═════ EXTRACTED MATERIAL

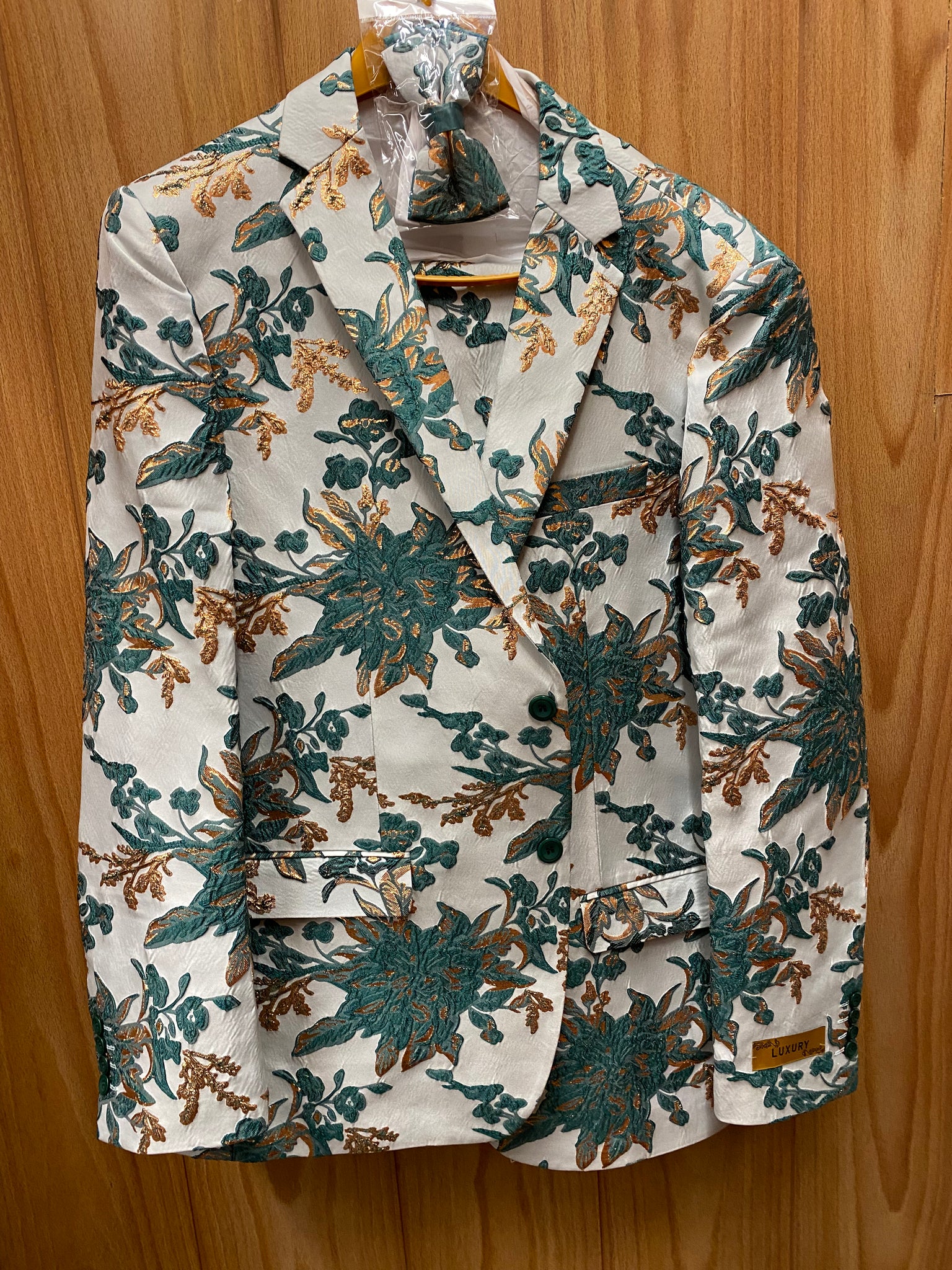 - Silvery white jacket with Hunter green and gold floral print
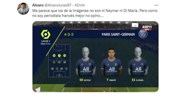 Otro de los focos de las bromas fue la placa de las formaciones iniciales de la transmisión del encuentro. Por algún motivo que no fue explicado, varios futbolistas, incluidos Di María y Neymar, no tenían rostro en la imagen y en lugar de ellos había. Fue entonces que los usuarios crearon memes comparando la imagen con algunos personajes famosos de series y películas o incluso otros señalaron que hay “muñecos” jugando en la Ligue 1.
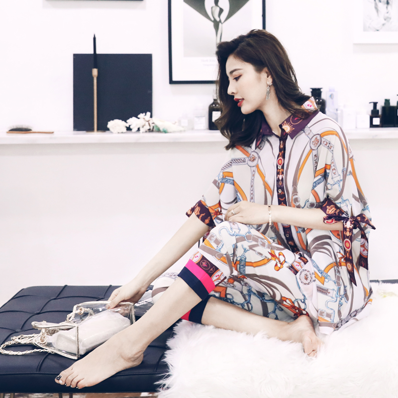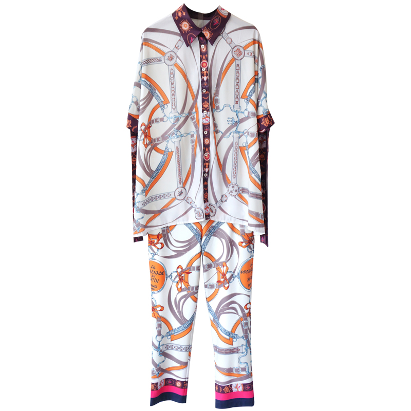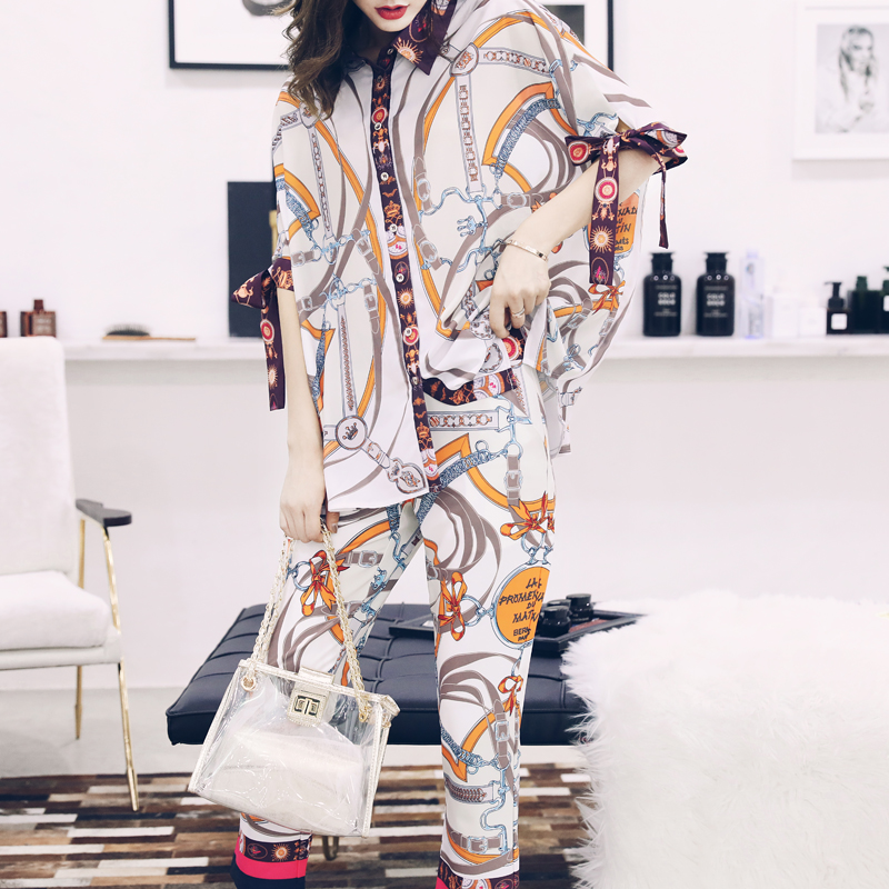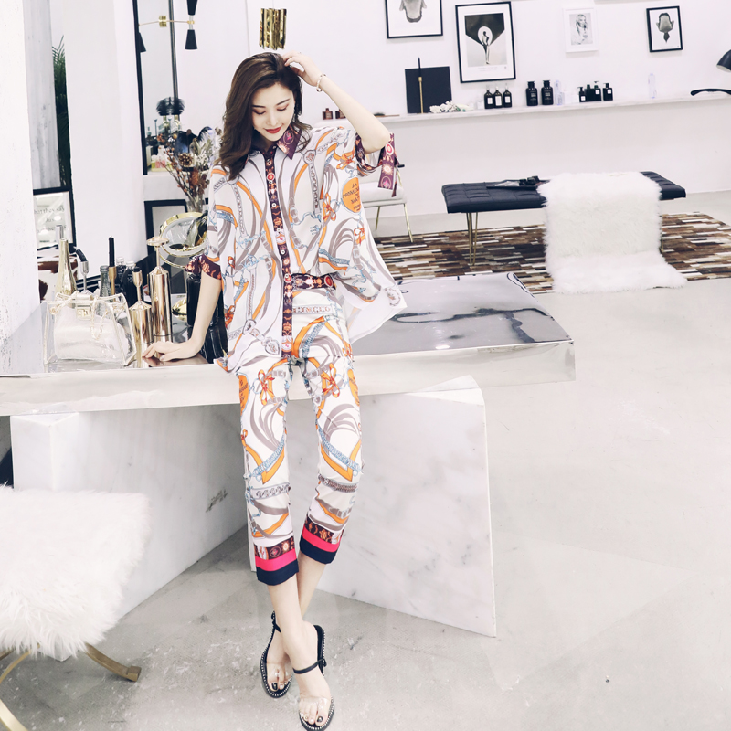/ 歐洲站名媛氣質五分袖洋氣中袖襯衫上衣印花小腳褲時尚套裝兩件套
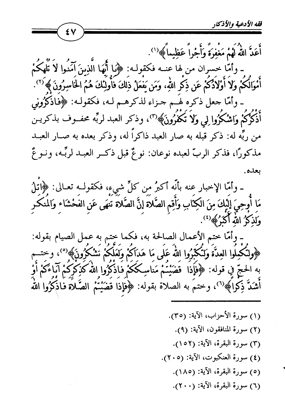 ـ وأمّا ختم الأعمال الصالحة به، فكما ختم به عمل الصيام بقوله: {ولِتُكْمِلُوا العِدَّةَ وَلِتُكَبِّرُوا اللهَ عَلَى مَا هَدَاكُمْ وَلَعَلَّكُمْ تَشْكُرُونَ} 5، وختم به الحجّ في قوله: {فَإِذَا قَضَيْتُمْ مَنَاسِكَكَمْ فَاذْكُرُوا اللهَ كَذِكْرِكُمْ آبَاءَكَمْ أَوْ أَشَدَّ ذِكْراً} 6، وختم به الصلاة بقوله: {فَإِذَا قَضَيْتُمْ الصَّلاَةَ فَاذْكُرُوا اللهَ
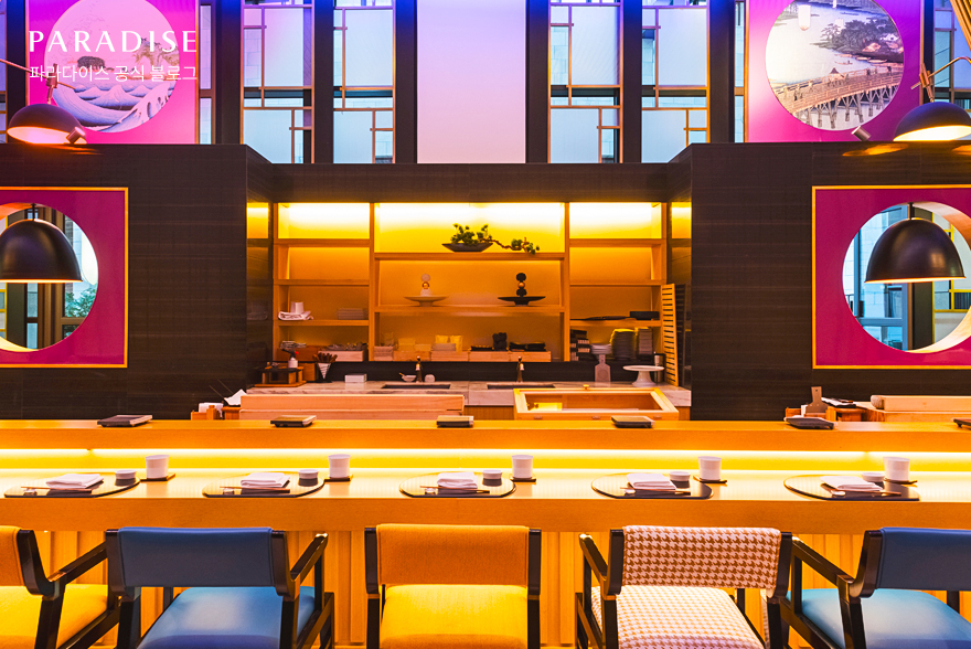 첫 번째로 소개할 신년 모임 장소 추천은 트렌디한 일식을 즐길 수 있는 파라다이스시티의 라쿠입니다. 라쿠는 다양한 장르의 일식을 창의적으로 재해석한 메뉴를 만나볼 수 있는 파인다이닝 레스토랑입니다. 모던한 베이지톤에 강렬한 색채 포인트를 입힌 인테리어로부터 느껴지는 세련된 무드는 신년 모임의 분위기를 더욱 고급스럽게 만들어 주는데요. 개별 룸도 마련되어 있어 프라이빗한 모임 장소를 찾고 있는 분에게도 안성맞춤입니다.
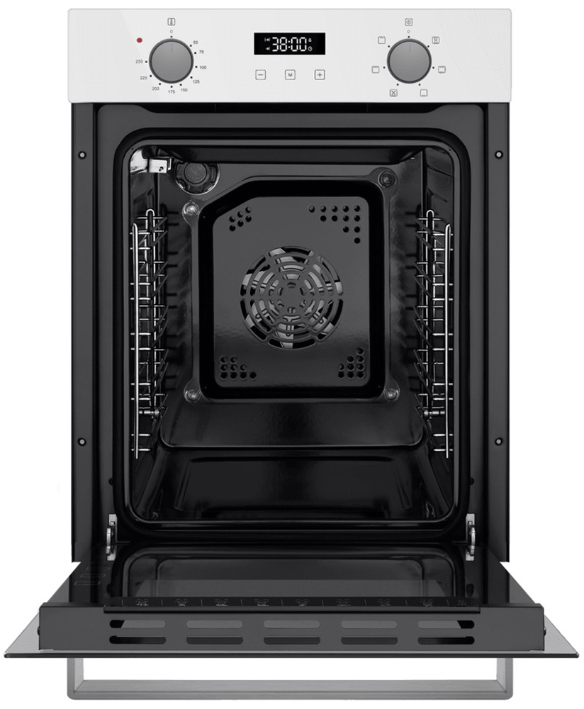 Особенности дизайна и внешней панели управления — также важный пункт при выборе духовки на кухню. В данной модели нужно обратить внимание на цвет — белый, охлаждение двери, чтобы поверхность и мебель вокруг не нагревались.
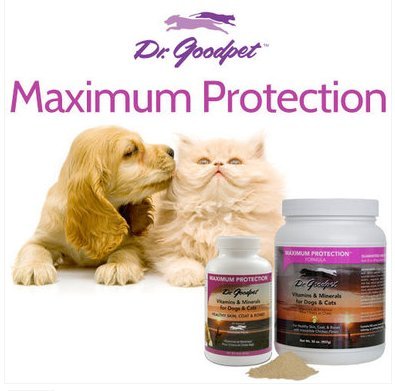 Dr. Goodpet - Maximum Protection Formula - 32 oz. (907 g) Dr. Goodpet Maximum Protection Formula provides vitamins and minerals for cats and dogs, for healthy skin, coats and bones with an irresistible chicken flavor. Ensure that your adult pets get all the nutrition they need by fortifying them with Maximum Protection Formula, the top human-quality vitamin and trace mineral powder supplement on the market. Maintain healthy skin, coat, bones, teeth and overall health, plus provide nutritional support for the immune system. Maximum Protection contains the same high-quality vitamins and minerals used in human products. It includes high levels of zinc and vitamins C and E, well-known for their many beneficial properties. The formula is further fortified with over 70 trace minerals for better digestion, growth, repair of tissues, strong bones, teeth, claws, skin and hair coat.Feature
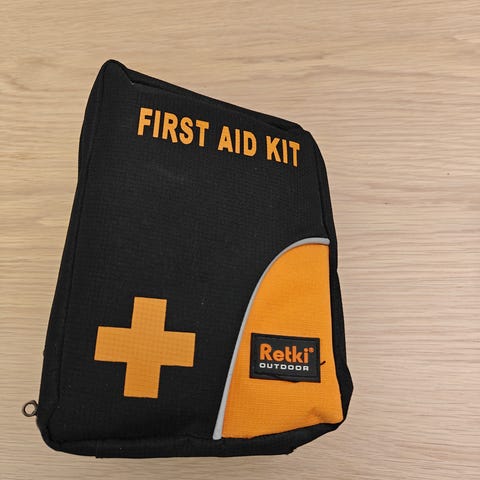 Kevyt, vedenpitävä ensiapupakkaus jossa tarvittavat perustarvikkeet sisältäen lisäksi aurinkorasvan.
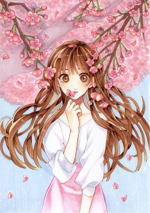 今日は #さくらの日 ということで、 先日上げた絵を再掲(✿´꒳`)ノ #オリジナル #創作 #コピック #桜
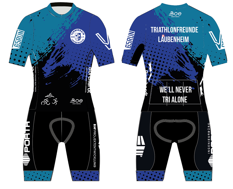 Willkommen zum Triathlonfreunde Laubenheim Teamstore. Der Store bleibt bis zum 26. Oktober 2025 geöffnet. Lieferzeitraum ist Ende November. Ein Umtausch ist bei individuell gestalteter Kleidung ausgeschlossen, Garantie und Gewährleistung gelten regulär. Versandkosten ab 200,-€ frei.
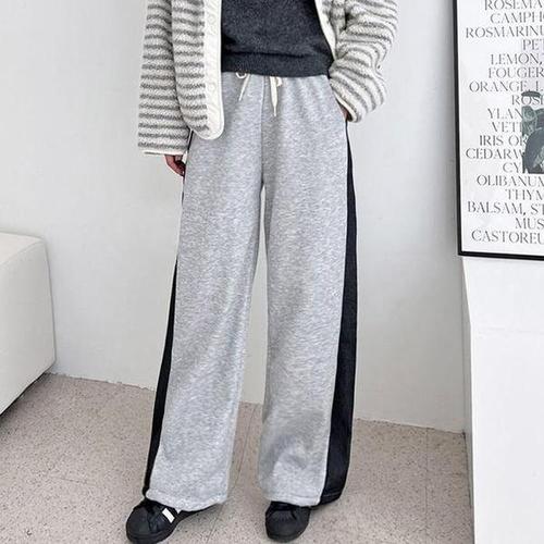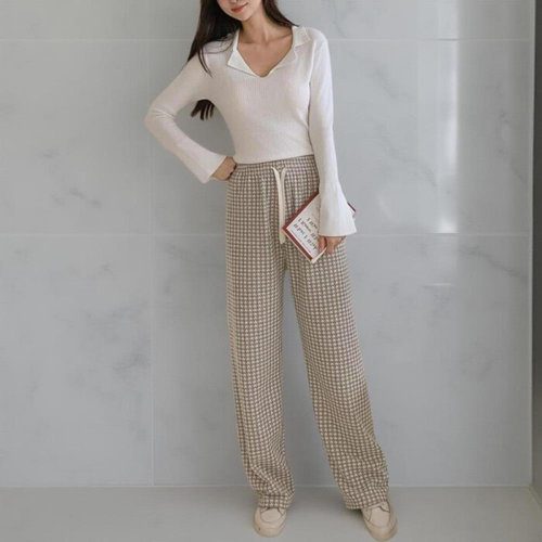 옷자락 / 여성 가을 두꺼운 홈웨어 헤링본 세미 와이드 일자 팬
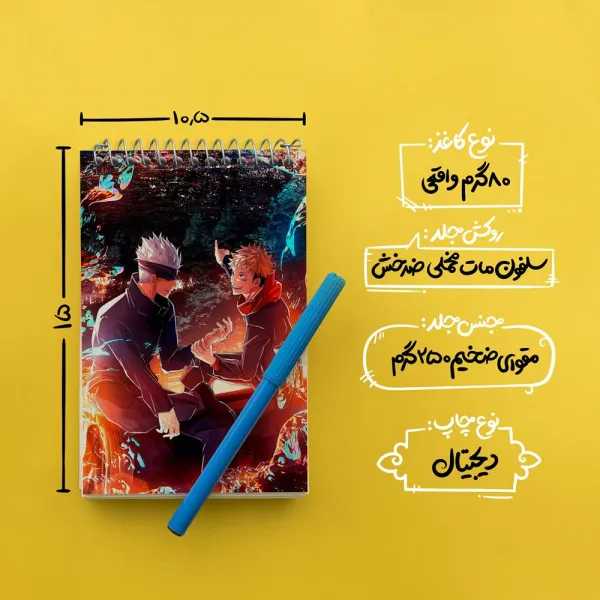 برند خندالو در زمینه تولید انواع دفاتر فانتزی و تحصیلی فعالیت میکند که به دلیل جذابیت ظاهری و طرح های متنوع طرفداران زیادی دارد. دفتر یادداشت خندالو طرح ایتادوری و گوجو انیمه جوجوتسو کایزن محصولی مناسب برای همه عاشقان لوازم التحریر است و همچنین همه کسانی که بنا به موقعیت تحصیل یا شغلشان با دفتر و نوشت افزار زیاد سر و کار دارند. در تولید دفتر یادداشت خندالو طرح ایتادوری و گوجو انیمه جوجوتسو کایزن از نوع صحافی فنر مارپیچ استفاده شده که در این نوع صحافی برگهها به راحتی چرخیده و یا بیرون آورده می شوند. دفتر های خندالو دارای جلد انعطاف پذیر از جنس مقوای گلاسه 250 گرم با روکش سلفون مات مخملی است که به شما امکان میدهد از دفتر خود بدون اینکه نگرانی از شکستن یا خراب شدن جلد را داشته باشید استفاده کنید و همچنین در این دفاتر از کاغذ 80 گرم با کیفیت استفاده شده که باعث میشود هنگام نوشتن به خوبی جوهر قلم بر روی صفحه نشسته و از خط خوردگیها جلوگیری کند. دفتر یادداشت خندالو با جنس و دوام مناسب، برگه های کاملاً سفید و خطوط طوسی دقیق را داراست که انسان را به نوشتن منظم و زیبا ترغیب میکند. طراحی کاملاً مناسب این دفاتر، به همراه کیفیت بالا، از آن یک محصول مورد علاقه و قابل اعتماد برای همه مقاطع تحصیلی میسازد. دفتر یادداشت خندالو طرح ایتادوری و گوجو انیمه جوجوتسو کایزن انتخابی هوشمندانه و مناسب برای افرادی است که به دنبال دفتری با کیفیت و کاربرد عالی هستند. این دفتر، همراه خوبی برای شما در تمام مراحل تحصیل و کار خواهد بود و تجربهای لذتبخش از نوشتن و آموختن را به شما هدیه میدهد.

══════════

» **ACTION ITEM**: Restate exactly the lines that start at the "옷자락 / 여성 가을 두꺼운 홈웨어 헤링본 세미 와이드 일자 팬" line and end with the last line of the material above, leaving out the pictures.

» **WRITTEN RESPONSE**:
 옷자락 / 여성 가을 두꺼운 홈웨어 헤링본 세미 와이드 일자 팬
 برند خندالو در زمینه تولید انواع دفاتر فانتزی و تحصیلی فعالیت میکند که به دلیل جذابیت ظاهری و طرح های متنوع طرفداران زیادی دارد. دفتر یادداشت خندالو طرح ایتادوری و گوجو انیمه جوجوتسو کایزن محصولی مناسب برای همه عاشقان لوازم التحریر است و همچنین همه کسانی که بنا به موقعیت تحصیل یا شغلشان با دفتر و نوشت افزار زیاد سر و کار دارند. در تولید دفتر یادداشت خندالو طرح ایتادوری و گوجو انیمه جوجوتسو کایزن از نوع صحافی فنر مارپیچ استفاده شده که در این نوع صحافی برگهها به راحتی چرخیده و یا بیرون آورده می شوند. دفتر های خندالو دارای جلد انعطاف پذیر از جنس مقوای گلاسه 250 گرم با روکش سلفون مات مخملی است که به شما امکان میدهد از دفتر خود بدون اینکه نگرانی از شکستن یا خراب شدن جلد را داشته باشید استفاده کنید و همچنین در این دفاتر از کاغذ 80 گرم با کیفیت استفاده شده که باعث میشود هنگام نوشتن به خوبی جوهر قلم بر روی صفحه نشسته و از خط خوردگیها جلوگیری کند. دفتر یادداشت خندالو با جنس و دوام مناسب، برگه های کاملاً سفید و خطوط طوسی دقیق را داراست که انسان را به نوشتن منظم و زیبا ترغیب میکند. طراحی کاملاً مناسب این دفاتر، به همراه کیفیت بالا، از آن یک محصول مورد علاقه و قابل اعتماد برای همه مقاطع تحصیلی میسازد. دفتر یادداشت خندالو طرح ایتادوری و گوجو انیمه جوجوتسو کایزن انتخابی هوشمندانه و مناسب برای افرادی است که به دنبال دفتری با کیفیت و کاربرد عالی هستند. این دفتر، همراه خوبی برای شما در تمام مراحل تحصیل و کار خواهد بود و تجربهای لذتبخش از نوشتن و آموختن را به شما هدیه میدهد.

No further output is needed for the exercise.